7802 tweaks per code review
7802 accidentally got merged with 8024 before being reviewed; joint code review by nickm and myself followed. Nothing so objectionable as to merit reverting the merge, but a few points noted (full IRC transcript will be attached):
18:45 < athena> okay, in circuitbuild.c we've got some pretty straightforward functions to query parameters that look
just fine, then a long block of code which is probably where we should be focusing most attention
18:45 < nickm> Right. The "rate" configuration things are all percentages, but I don't see anything that keeps you from
configuring a value below zero or above 100 in config.c. We should note that. NOTE.
18:45 < nickm> (I'm going to grep for NOTE strings.)
18:45 < athena> okay, yeah, those should be checked and clamped, i think
***
18:48 < nickm> I don't like the name "pathbias_check_use_rate" -- "check" is pretty vague. NOTE.

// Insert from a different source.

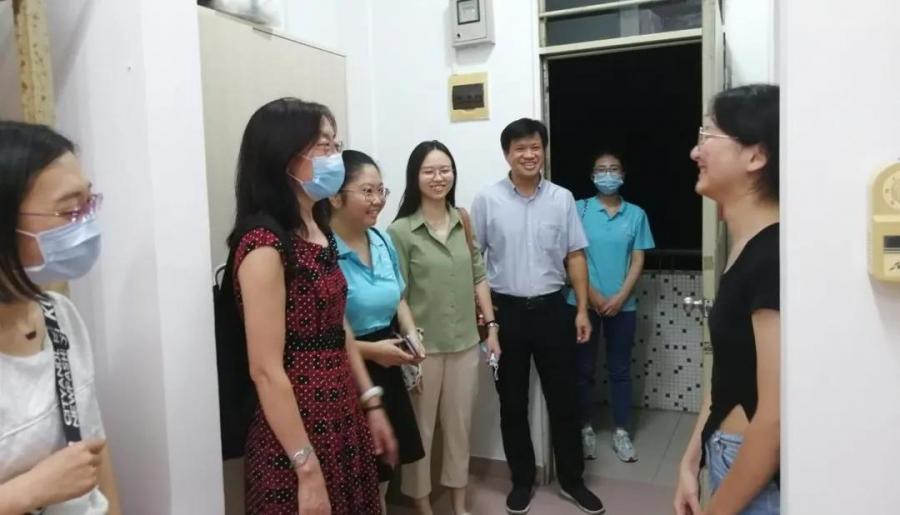 9月1日晚上,大气科学学院党委书记郑慧、副院长杭建教授、院长助理何文平教授、高中明副教授、莫梓伟副教授、张雪琳副教授、杜亚星副教授、兼职辅导员以及学院研究生会的师兄师姐等人走进学院2021级研究生新生宿舍,给同学们带去学院的关心和问候。其中,郑慧书记等一行走访研究生女生宿舍,了解新生的生活情况。每到一个宿舍,老师们都亲切地询问新生的生源地、家乡等,并询问了每个新生的导师以及专业,鼓励大家多与老师们交流。此外,郑慧书记还格外叮嘱疫情防控工作不容忽视,学生要不折不扣执行防疫工作要求,同时注意消防安全、提高防诈骗意识,遇到困难第一时间与导师、辅导员寻求帮助,早日适应新的生活环境。
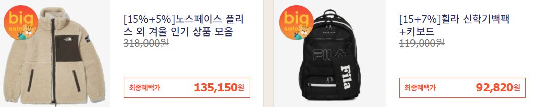 할인 품목 : 로봇청소기, 의류, 모니터 등

18:48 < nickm> The return; at the end of that function offends me. NOTE.
18:48 < athena> yeah
18:49 < nickm> I think the comment for the next function (pathbias_mark_use_success) may be wrong; the "stat" in the
first sentence should probably be 'state'. and the word "mark" should appear before "it".
18:49 < nickm> NOTE.
***
18:53 < nickm> ooh. In mark_use_success, we check path_state < PATH_STATE_USE_ATTEMPTED. We should make sure that a
comment on path_state_t says that its values must never be reordered or else stuff might break. NOTE
18:54 < athena> did you mean to say pathbias_should_count? i'm not seeing a pathbias_should_close
18:54 < nickm> sorry, should_count
18:55 < athena> okay
18:55 < athena> looks like it ignores circuits that have some purposes, that are one-hop or checks some config options
18:55 < athena> do circuit purposes ever change during the lifetime of a circuit
18:55 < athena> ?
18:56 < nickm> I believe circuit purposes can change under some circumstances, though the rules are nontrivial
18:56 < athena> hmm
18:56 < nickm> maybe we should cache the result of this function if we've ever called it before?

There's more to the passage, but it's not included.